-------- EXERCISE INPUT --------

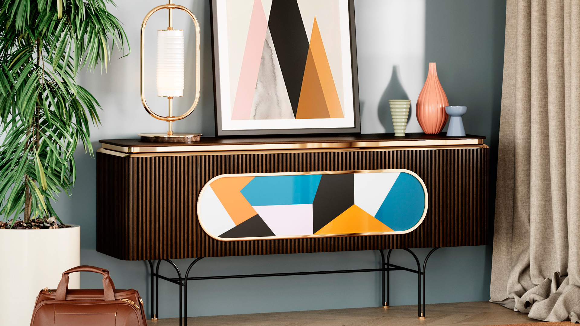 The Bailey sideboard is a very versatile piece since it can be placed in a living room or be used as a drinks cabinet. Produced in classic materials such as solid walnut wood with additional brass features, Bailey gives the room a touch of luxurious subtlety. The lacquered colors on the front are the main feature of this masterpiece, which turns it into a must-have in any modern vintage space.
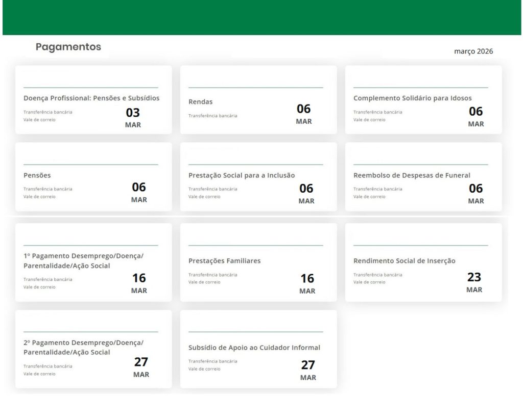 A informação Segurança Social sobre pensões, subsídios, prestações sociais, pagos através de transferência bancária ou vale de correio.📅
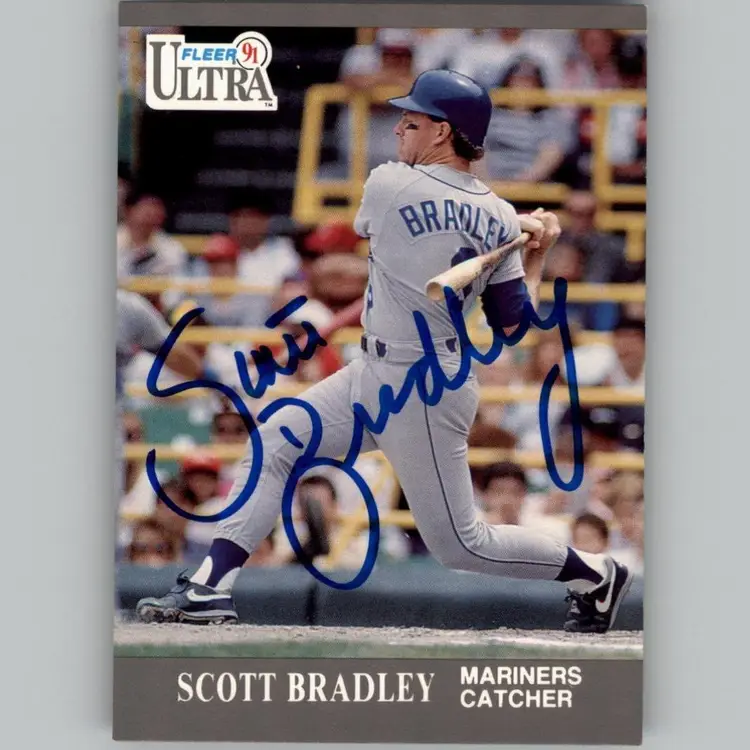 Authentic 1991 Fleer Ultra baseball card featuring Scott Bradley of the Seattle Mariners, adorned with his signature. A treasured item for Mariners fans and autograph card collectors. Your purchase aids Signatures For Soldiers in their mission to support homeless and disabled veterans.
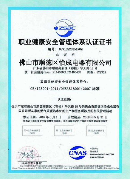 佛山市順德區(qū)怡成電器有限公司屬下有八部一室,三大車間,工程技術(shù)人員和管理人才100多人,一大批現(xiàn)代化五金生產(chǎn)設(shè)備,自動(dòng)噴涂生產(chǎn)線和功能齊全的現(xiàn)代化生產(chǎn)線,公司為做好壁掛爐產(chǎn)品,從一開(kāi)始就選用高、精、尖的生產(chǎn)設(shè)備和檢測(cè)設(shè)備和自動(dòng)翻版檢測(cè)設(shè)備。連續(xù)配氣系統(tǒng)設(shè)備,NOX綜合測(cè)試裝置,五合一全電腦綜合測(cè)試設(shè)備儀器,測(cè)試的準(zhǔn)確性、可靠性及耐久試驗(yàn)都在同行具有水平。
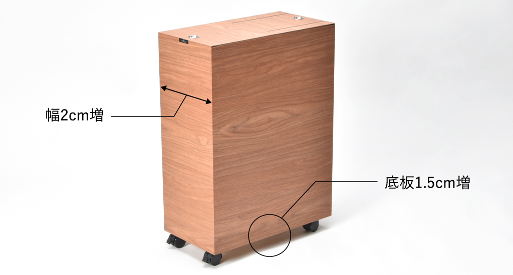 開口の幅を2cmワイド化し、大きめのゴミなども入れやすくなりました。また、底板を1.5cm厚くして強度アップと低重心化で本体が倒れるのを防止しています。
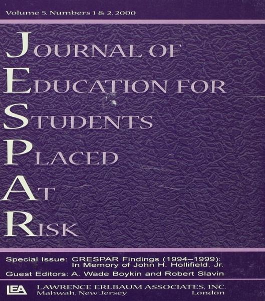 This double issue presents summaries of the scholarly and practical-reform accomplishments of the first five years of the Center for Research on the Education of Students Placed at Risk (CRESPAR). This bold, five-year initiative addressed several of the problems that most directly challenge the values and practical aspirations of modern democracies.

--------

## PROBLEM
All the records above must be retyped exactly, except for their pictures.

## ANSWER SPACE
 The Bailey sideboard is a very versatile piece since it can be placed in a living room or be used as a drinks cabinet. Produced in classic materials such as solid walnut wood with additional brass features, Bailey gives the room a touch of luxurious subtlety. The lacquered colors on the front are the main feature of this masterpiece, which turns it into a must-have in any modern vintage space.
 A informação Segurança Social sobre pensões, subsídios, prestações sociais, pagos através de transferência bancária ou vale de correio.📅
 Authentic 1991 Fleer Ultra baseball card featuring Scott Bradley of the Seattle Mariners, adorned with his signature. A treasured item for Mariners fans and autograph card collectors. Your purchase aids Signatures For Soldiers in their mission to support homeless and disabled veterans.
 佛山市順德區(qū)怡成電器有限公司屬下有八部一室,三大車間,工程技術(shù)人員和管理人才100多人,一大批現(xiàn)代化五金生產(chǎn)設(shè)備,自動(dòng)噴涂生產(chǎn)線和功能齊全的現(xiàn)代化生產(chǎn)線,公司為做好壁掛爐產(chǎn)品,從一開(kāi)始就選用高、精、尖的生產(chǎn)設(shè)備和檢測(cè)設(shè)備和自動(dòng)翻版檢測(cè)設(shè)備。連續(xù)配氣系統(tǒng)設(shè)備,NOX綜合測(cè)試裝置,五合一全電腦綜合測(cè)試設(shè)備儀器,測(cè)試的準(zhǔn)確性、可靠性及耐久試驗(yàn)都在同行具有水平。
 開口の幅を2cmワイド化し、大きめのゴミなども入れやすくなりました。また、底板を1.5cm厚くして強度アップと低重心化で本体が倒れるのを防止しています。
 This double issue presents summaries of the scholarly and practical-reform accomplishments of the first five years of the Center for Research on the Education of Students Placed at Risk (CRESPAR). This bold, five-year initiative addressed several of the problems that most directly challenge the values and practical aspirations of modern democracies.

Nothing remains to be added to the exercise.